Task to carry out >> Each line below from the "الشيخ محمد بن" line through the "Diver in red" line, those two included, must be restated word for word; the pictures must not be.
**** Data for review
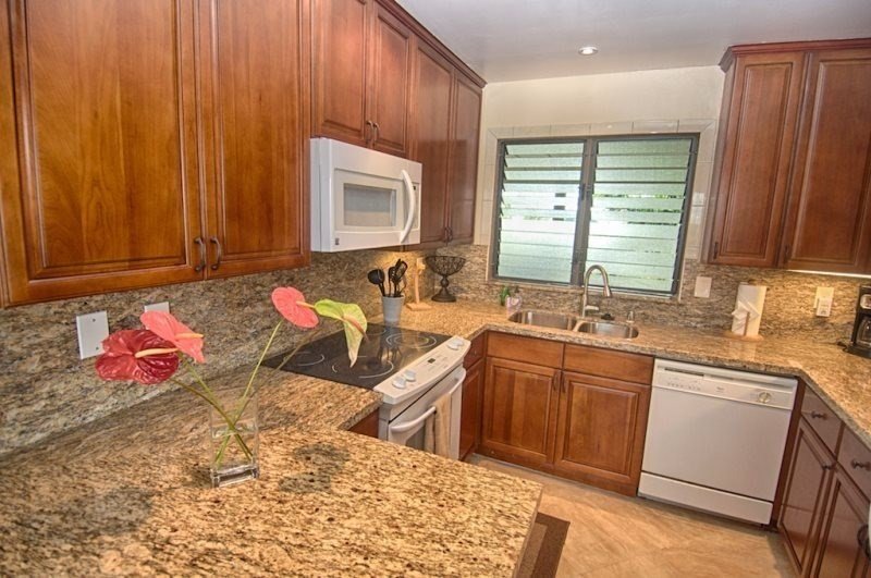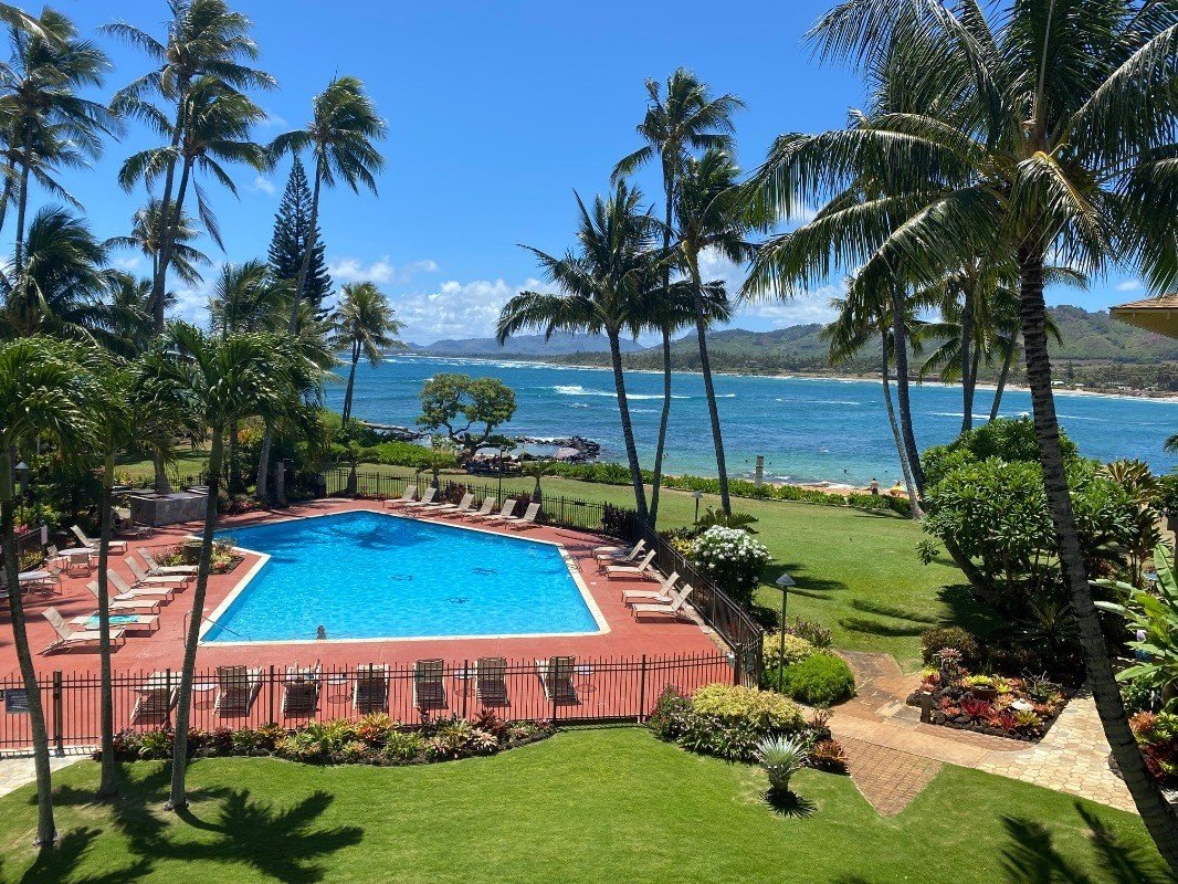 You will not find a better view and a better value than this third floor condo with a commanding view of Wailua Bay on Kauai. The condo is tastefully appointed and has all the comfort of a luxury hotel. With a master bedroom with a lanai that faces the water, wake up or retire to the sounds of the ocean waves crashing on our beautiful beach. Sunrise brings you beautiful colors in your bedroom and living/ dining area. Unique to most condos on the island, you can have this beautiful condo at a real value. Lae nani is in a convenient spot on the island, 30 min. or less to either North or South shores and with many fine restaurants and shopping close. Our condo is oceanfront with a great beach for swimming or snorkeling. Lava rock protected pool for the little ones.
********
**** Data for review
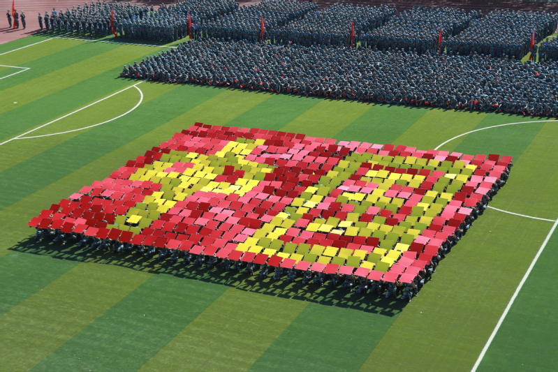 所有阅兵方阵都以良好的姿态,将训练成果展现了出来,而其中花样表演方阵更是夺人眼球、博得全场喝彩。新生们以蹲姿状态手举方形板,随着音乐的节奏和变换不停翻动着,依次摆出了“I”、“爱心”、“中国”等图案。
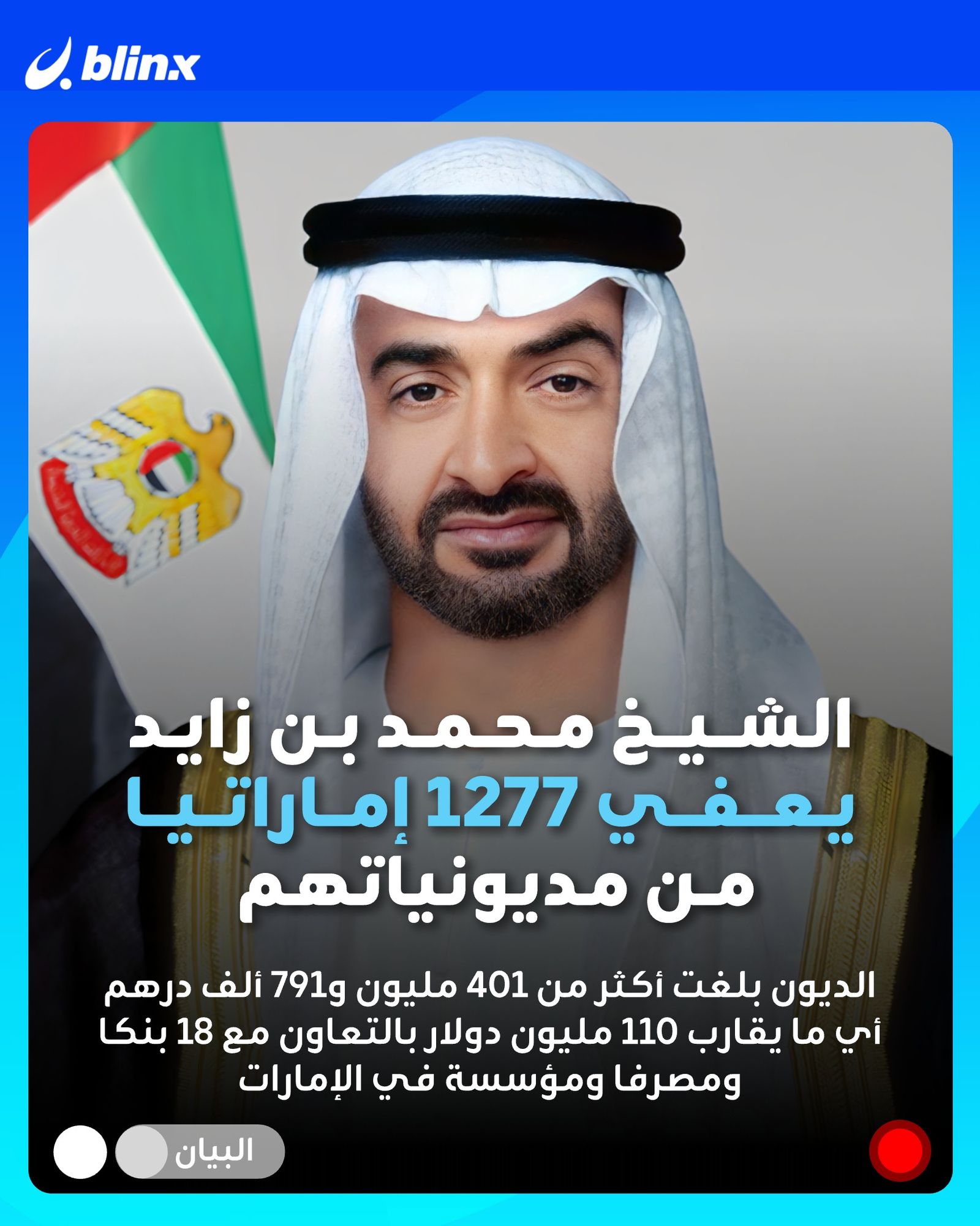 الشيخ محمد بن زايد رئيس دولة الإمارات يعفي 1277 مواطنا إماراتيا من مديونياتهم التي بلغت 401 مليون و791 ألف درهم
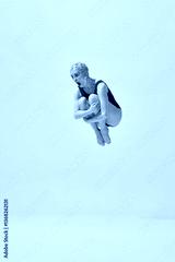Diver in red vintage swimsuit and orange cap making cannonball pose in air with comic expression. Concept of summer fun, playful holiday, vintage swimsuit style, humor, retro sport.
********
Finished task >>
 الشيخ محمد بن زايد رئيس دولة الإمارات يعفي 1277 مواطنا إماراتيا من مديونياتهم التي بلغت 401 مليون و791 ألف درهم
Diver in red vintage swimsuit and orange cap making cannonball pose in air with comic expression. Concept of summer fun, playful holiday, vintage swimsuit style, humor, retro sport.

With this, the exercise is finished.